8K Token-Length Bilingual Embeddings Break Language Barriers in Chinese and English
The first bilingual Chinese-English embedding model with 8192 token-length.
Following the remarkable success of the previous Embeddings V2, we are thrilled to announce the launch of our latest Chinese/English bilingual text embedding model: jina-embeddings-v2-base-zh
. This new model inherits the exceptional 8K token length of Jina Embeddings V2, now with robust support for both Chinese and English languages.
jina-embeddings-v2-base-zh
stands out for its exceptional quality and performance, achieved through rigorous and balanced pre-training with high-quality bilingual data. This approach ensures a significant reduction in bias, often seen in models trained with unbalanced multilingual data.
Highlights
- Bilingual Model: This model encodes texts in both English and Chinese, allowing the use of either language as the query or target document. Texts with equivalent meanings in these languages are mapped to the same embedding space, forming the basis for numerous multilingual applications.

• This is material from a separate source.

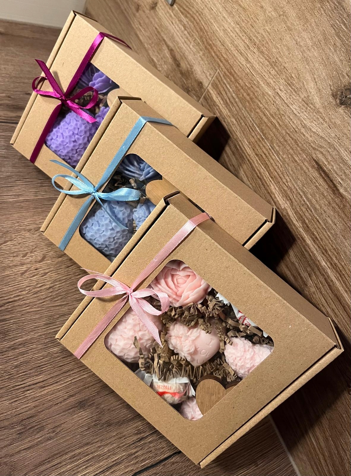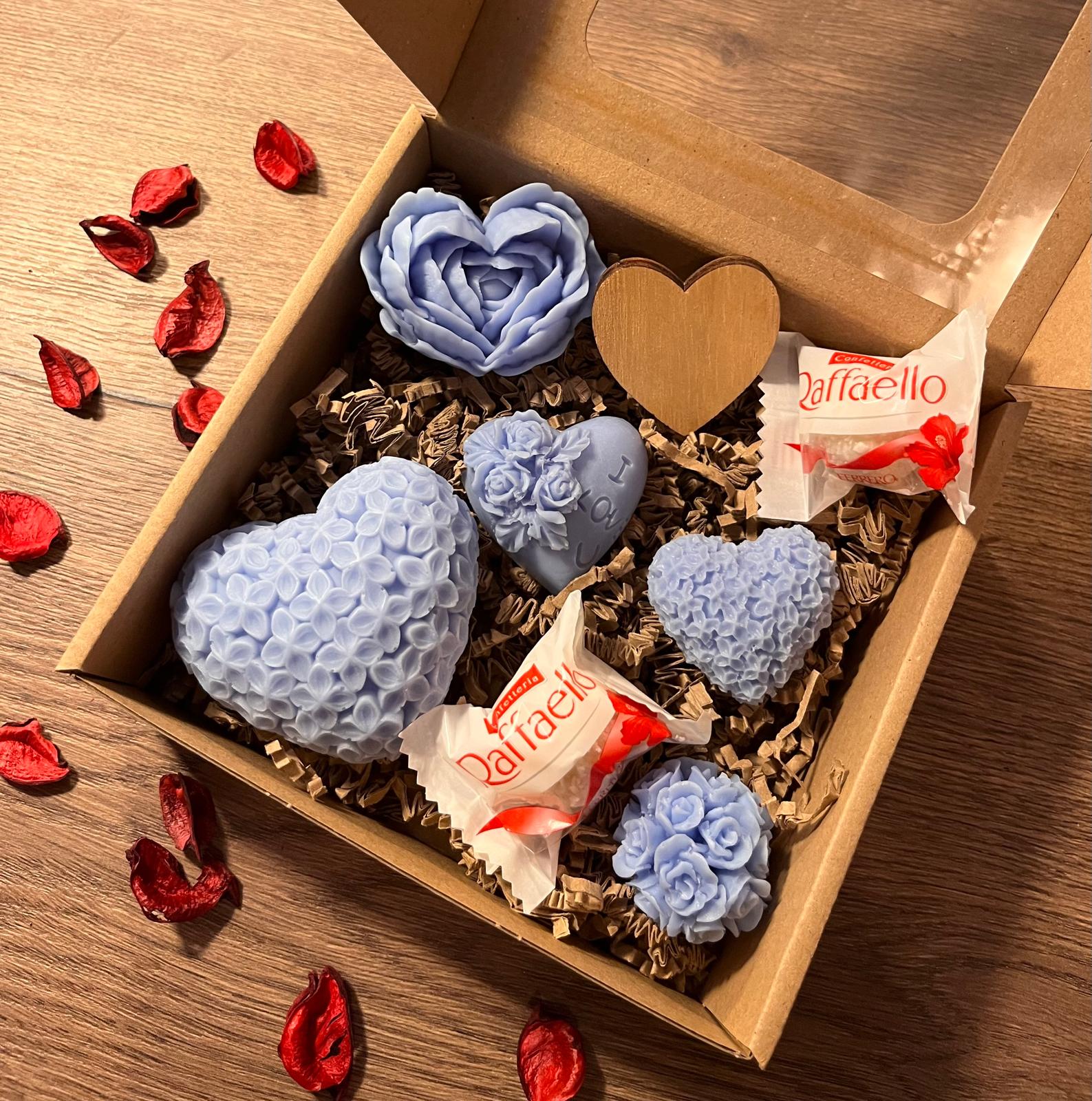 Подарочный набор с ароматными сердцами - уникальный способ выразить свои чувства! Каждое мыло не только очаровывает своей формой и запахом, но и скрывает сладкий сюрприз - пралине raffaello , который добавит подарок к еще большей уникальности! По случаю. Это незабываемый подарок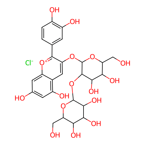 InChI=1S/C27H30O16.ClH/c28-7-17-19(34)21(36)23(38)26(41-17)43-25-22(37)20(35)18(8-29)42-27(25)40-16-6-11-13(32)4-10(30)5-15(11)39-24(16)9-1-2-12(31)14(33)3-9;/h1-6,17-23,25-29,34-38H,7-8H2,(H3-,30,31,32,33);1H/t17-,18-,19-,20-,21+,22+,23-,25-,26+,27-;/m1./s1 |

- Extended 8K Token-Length: Our model is capable of processing significantly large text passages, a feature that exceeds the capabilities of most other open-source models.
- Compact and Efficient: With a size of 322MB (161 million parameters) and output dimensions of 768, our model is designed for high performance on standard computer hardware without GPU, enhancing its accessibility.
Leading Performance on C-MTEB
In the Chinese MTEB leaderboard, our Jina Embeddings v2, supporting both Chinese and English, stands out as one of the top models under 0.5GB. What sets it apart is its impressive 8K token-length capability, a unique feature in its category.
Among Chinese models of similar size, only the E5 Multilingual model and our jina-embeddings-v2-base-zh
offer support for English, enabling effective cross-language applications. Notably, Jina demonstrates significantly superior performance in all categories involving the Chinese language.
While both models have an 8K token context size, jina-embeddings-v2-base-zh
significantly outperforms OpenAI's text-embedding-ada-002
, especially in tasks involving the Chinese language.
Empowering Chinese Enterprises for Global Expansion
Our Chinese-English embedding model is a powerful tool for Chinese companies looking to 'go global' (出海). It seamlessly processes Chinese texts, providing high-quality embeddings that effortlessly integrate with leading vector databases, search systems, RAG applications.
jina-embeddings-v2-base-zh
is especially beneficial for developing AI applications tailored to Chinese-English contexts, crucial for businesses expanding internationally. Here are some specific use cases:
- Document Analysis and Management: It can analyze and manage a vast array of documents, aiding in international legal and business transactions.
- AI-Powered Search Applications: Enhances search functions in multilingual environments, making it easier for global users to find relevant information in Chinese and English.
- Retrieval-Augmented Chatbots and Question-Answering: Builds efficient, bilingual customer service bots, improving interactions with customers worldwide.
- Natural Language Processing Applications: This includes sentiment analysis for understanding global market trends, topic modeling for international marketing strategies, and text classification for managing global communication.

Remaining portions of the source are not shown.